Inorganic pyrophosphatase activity distinct from alkaline phosphatase in rat bone.

The existence of a specific inorganic pyrophosphatase (PPi ase), distinct from alkaline phosphatase in bone has been suggested but is often regarded as questionable. In the present investigation, several features of PPi ase activity have been demonstrated, which suggest that it represents an enzyme protein different from those splitting phosphomonoesters and ATP. PPi ase was largely destroyed during extraction with n-butanol, which facilitated the solubilization of alkaline phosphatase and ATP splitting enzymes and only partially destroyed acid phosphatase. Two major groups of phosphate esters and pyrophosphates splitting enzymes were separated by gel filtration from homogenates of rat bones.
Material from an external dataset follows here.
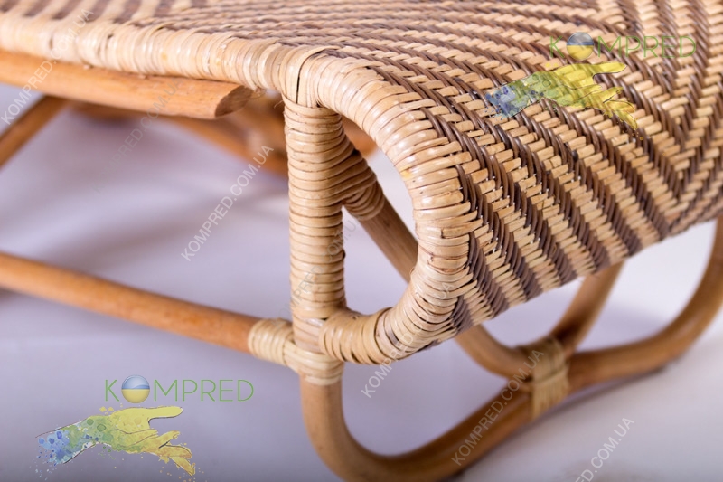 Крісло-шезлонг розкладне з висувним пуфиком з натурального ротанга

The first pool contained high ATP-ase and phosphomonoesterase activities, but only low activity against inorganic pyrophosphate (PPi) in the presence of MgCl2. The second pool was most active against PPi at pH 7.5 in the presence of excess MgCl2 and only slightly hydrolyzed phosphomonoesters or ATP. Immunodiffusion showed that these 2 pools contained 2 distinct proteins. It was concluded that there exists a specific inorganic pyrophosphatase distinct from phosphomonoesterases and ATP-ases in bone tissue.